What are the statistics on crisis calls or use of the Mental Health Virtual Therapy Program?
What measures have been put in place to ensure Manitobans have gotten value for money for the on-line therapy program?
Well packaged COVID-19 impact information on crime, child protection services, homelessness and street drug use should be prospectively and transparently provided. Access to such information should not be left to anecdotal analysis or freedom of information requests.

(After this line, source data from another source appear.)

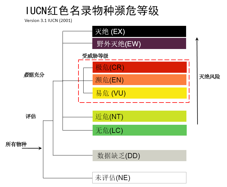 IUCN自20世紀60年代成立之日起,就設立了物種生存委員會(SSC),開始編制和印刷《IUCN瀕危物種紅皮書》,后來隨著評估物種的增加,印刷版逐步發展為網絡版的《IUCN瀕危物種紅色名錄》,定期編制發布。IUCN/SSC研究制定了《IUCN物種紅色名錄瀕危等級和標準》,根據物種的種群數量和分布情況等,評估其生存狀況,確定其瀕危等級。IUCN瀕危物種等級標準分為“有評估數據”和“數據缺乏”兩類,“有數據評估”中又分為“滅絕”、“野外滅絕”、“區域滅絕”、“極?!?、“瀕?!薄ⅰ耙孜!?、“近危”和“無危”等8個級別,從“無?!钡健皹O?!?,滅絕風險逐步上升,瀕危等級逐步增加。瀕危等級標準有5個指標,分別是種群下降、有限地理分布區、下降小種群、非常小或非常有限的種群、以及模型模擬等量化分析,根據這些指標的數量閾值,來評估物種的瀕危等級。
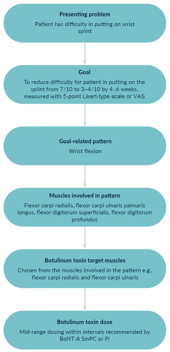 The process of target muscle selection for BoNT-A injection is outlined in Figure 4 using Goal 3 from the case study. The goal is to reduce the difficulty experienced by the patient in placing the hand splint, and the goal-related spastic pattern is wrist flexion. According to a higher probability of involvement and the low severity of increased muscle tone, only two of all possibly involved muscles, for the goal-related pattern, are chosen for injection with BoNT-A. A mid-range dosing per muscle (as documented within the Summary of Patient Characteristics for the chosen formulation of BoNT-A) is used.
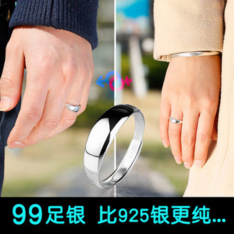 999纯银情侣戒指一对男女开口对戒日韩个性简约可刻字情侣礼物

As a physician I was particularly troubled hearing news stories about people dying in acute or long-term care institutions without their loved ones being by their side. If we can protect health care staff with PPE (personal protective equipment) we can take surely take measures, herculean if needed, to provide PPE to a small number of family members so they can be with their loved ones as they pass. Yes, there will be a small risk of COVID-19 transmission but not beyond that we currently expose our doctors, nurses, gas station attendants and grocery clerks to.
I’m confident that if you informed relative of the risks of COVID-19 transmission, with PPE on board, most would accept this risk and be with their loved ones when needed.
To paraphrase Gandhi, we are judged by how we treat our most vulnerable. For some social isolation, in and of itself, makes life not worth living.